As the shift off carbon accelerates, clean energy companies are scrambling to find the people power they need to keep the lights on.

“The renewables jobs market is heating up and candidates with the right abilities are becoming harder to find,” writes Bloomberg Green, citing comment by Miguel Stilwell, CEO of Portuguese clean energy firm EDP Renováveis. His company will be looking to hire 1,300 more workers by 2023. 

If left unaddressed, this talent drought could imperil skyrocketing projections that see solar generation capacity tripling by 2030, while wind capacity more than doubles by decade’s end.

“Engineering skills such as energy assessment, project management, and project design are in high demand,” Bloomberg writes. Also needed are business developers who actually understand how cleantech works. 

Today’s graduate students in the field, especially those with skills in engineering or chemistry, are being recruited straight out of their universities. And the schools themselves are alert to these changing winds: Barcelona’s Universitat Politecnica de Catalunya, for example, launched a new a masters program in hydrogen energy just last year. 
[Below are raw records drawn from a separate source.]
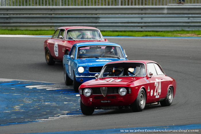 Nouveau match Etats-Unis / Italie au programme de la première course du meeting, le Classic Touring Challenge. Si les Alfa Romeo Giulia Sprint GTA avaient clairement l’avantage du nombre, John Spiers et Nigel Greensall n’ont rien laissé filer avec leur Ford Mustang, de quoi permettre au second nommé de fondre sur son compatriote Max Banks, avant de prendre l’avantage et remporter une superbe victoire. Dans le sillage de la Mustang bleue, pas moins de quatre Giulia Sprint GTA ont complété le top 5, le Belge François Rivaz et l’Allemand Alexander Furiani montant sur la plus petite marche du podium.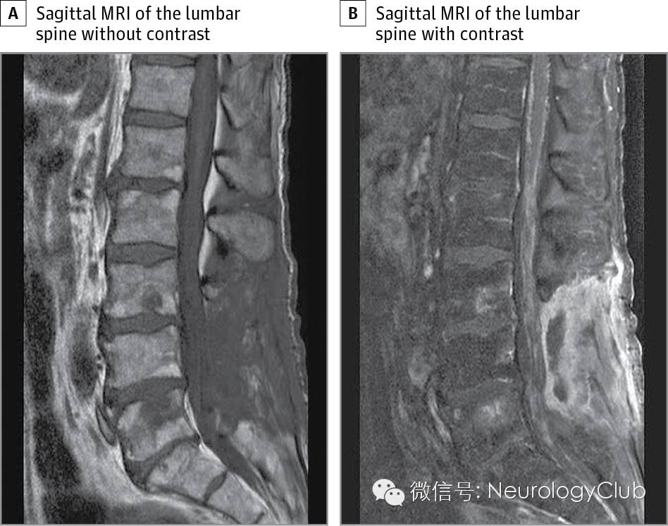 69岁白人,主诉进行性双下肢无力,左面部无力和复视2月,6月内体重下降20.4kg,新近出现尿失禁。2月前,患者因症状性椎管狭窄行L3-S1腰椎板切除术。即便如此,患者下肢无力逐渐加重。否认头痛,发热,咳嗽,无免疫缺陷的危险因素,也未到其他地方旅游。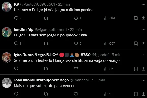 O zagueiro Fabrício Bruno e o volante Erick Pulgar tendem a serem poupados por Tite e comissão técnica. A ver as cenas dos próximos capítulos e se de fato isso vai ser confirmado.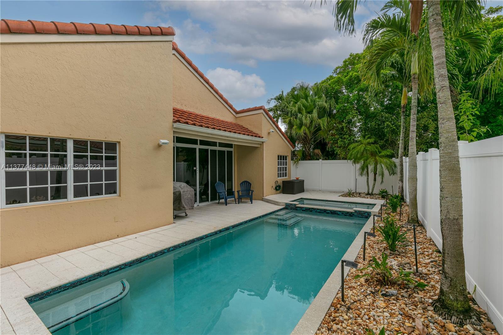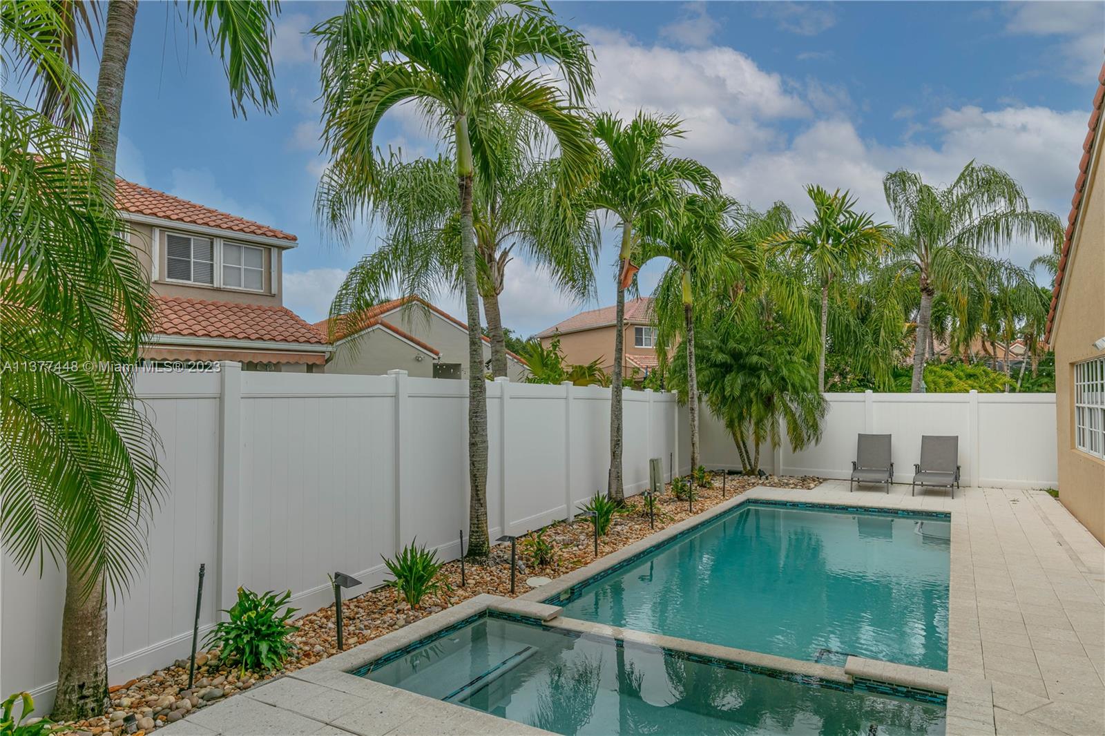 Beautiful 3/2.5 pool home situated on a cul-de-sac located in coveted community of North Lakes. This home features an updated modern kitchen with stainless steel appliances, updated bathrooms, freshly painted interior, neutral tiles throughout, high ceilings and plenty of natural light. You can relax in the tropical pool or enjoy your morning coffee in the covered patio area. *The ROOF is 2019*. The home also has hurricane shutters for your added protection. Washer and dryer and water heater are new. AC 2014. This home is move in ready and will not last!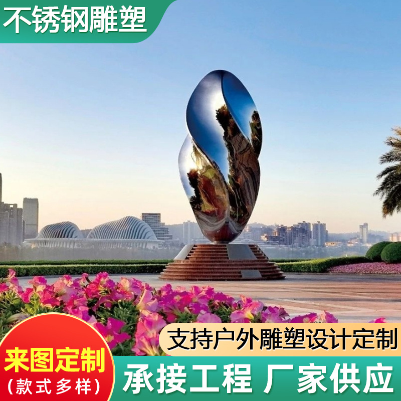 Produsen patung stainless steel luar ruangan besar kustom taman lanskap logam cermin ornamen patung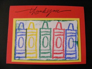 Ancora un biglietto per le maestre dell’asilo: un cartoncino con disegnati dei pastelli a cera.

“There’s always a moment of vacuum whenever a new technology comes in, but we’re able to put together new programs in just a few months,” professor Jordi Llorca told Bloomberg.

The fossil industry offers another potential pool of talent. “About 90% of current workers in the fossil fuel sector can be retrained for renewables,” writes Bloomberg. A recent report by Robert Gordon University in Aberdeen predicts that about half of the 200,000 skilled positions the offshore energy sector will need to fill by 2030 will be staffed by former oil and gas workers. 

[Top photo: City utility tunnel - Atul Tegar/Wikimedia commons]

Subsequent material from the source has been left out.